### Recorded data

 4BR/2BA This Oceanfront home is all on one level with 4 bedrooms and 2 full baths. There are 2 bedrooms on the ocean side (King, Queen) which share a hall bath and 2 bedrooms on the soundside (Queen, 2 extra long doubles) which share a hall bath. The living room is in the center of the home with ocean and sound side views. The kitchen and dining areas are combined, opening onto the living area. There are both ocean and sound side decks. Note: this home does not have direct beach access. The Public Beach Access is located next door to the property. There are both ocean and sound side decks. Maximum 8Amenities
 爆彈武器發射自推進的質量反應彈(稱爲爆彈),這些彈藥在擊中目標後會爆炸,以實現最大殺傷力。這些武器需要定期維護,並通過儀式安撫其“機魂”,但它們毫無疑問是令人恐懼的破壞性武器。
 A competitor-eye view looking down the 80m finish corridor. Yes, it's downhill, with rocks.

==

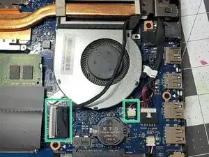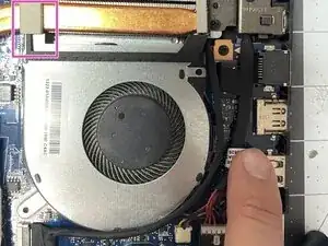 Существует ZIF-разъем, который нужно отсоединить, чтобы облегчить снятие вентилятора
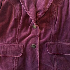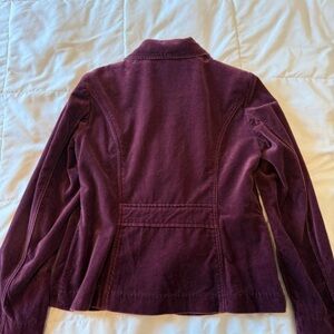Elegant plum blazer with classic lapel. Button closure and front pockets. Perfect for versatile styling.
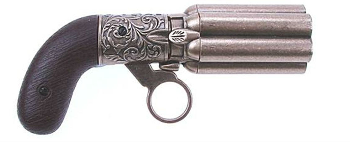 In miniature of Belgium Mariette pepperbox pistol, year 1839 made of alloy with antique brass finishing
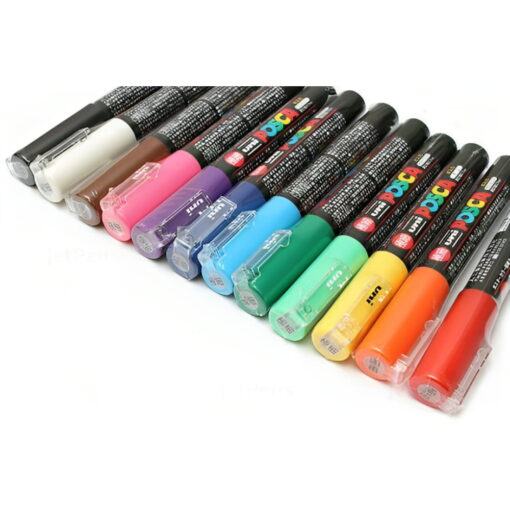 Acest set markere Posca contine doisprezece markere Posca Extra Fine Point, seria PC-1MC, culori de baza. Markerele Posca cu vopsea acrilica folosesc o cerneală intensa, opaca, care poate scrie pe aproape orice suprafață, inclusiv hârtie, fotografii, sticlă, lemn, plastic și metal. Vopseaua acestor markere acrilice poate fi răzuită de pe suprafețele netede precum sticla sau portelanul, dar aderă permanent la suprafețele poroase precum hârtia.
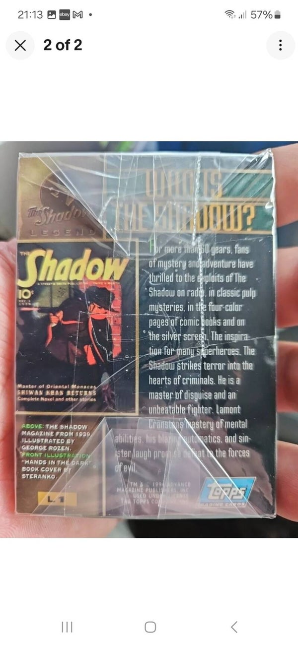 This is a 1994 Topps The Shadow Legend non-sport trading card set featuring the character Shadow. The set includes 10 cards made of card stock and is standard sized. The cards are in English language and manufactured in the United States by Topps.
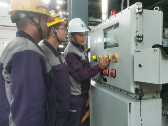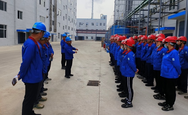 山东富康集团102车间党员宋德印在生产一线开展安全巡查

### To do
In the records above, everything from the line with "Acest set markere" down to the line with "山东富康集团102车间党员宋德印在生产一线开展安全巡查" is to be set down exactly, both ends included, with no pictures and no other lines.

### Response below
 Acest set markere Posca contine doisprezece markere Posca Extra Fine Point, seria PC-1MC, culori de baza. Markerele Posca cu vopsea acrilica folosesc o cerneală intensa, opaca, care poate scrie pe aproape orice suprafață, inclusiv hârtie, fotografii, sticlă, lemn, plastic și metal. Vopseaua acestor markere acrilice poate fi răzuită de pe suprafețele netede precum sticla sau portelanul, dar aderă permanent la suprafețele poroase precum hârtia.
 This is a 1994 Topps The Shadow Legend non-sport trading card set featuring the character Shadow. The set includes 10 cards made of card stock and is standard sized. The cards are in English language and manufactured in the United States by Topps.
 山东富康集团102车间党员宋德印在生产一线开展安全巡查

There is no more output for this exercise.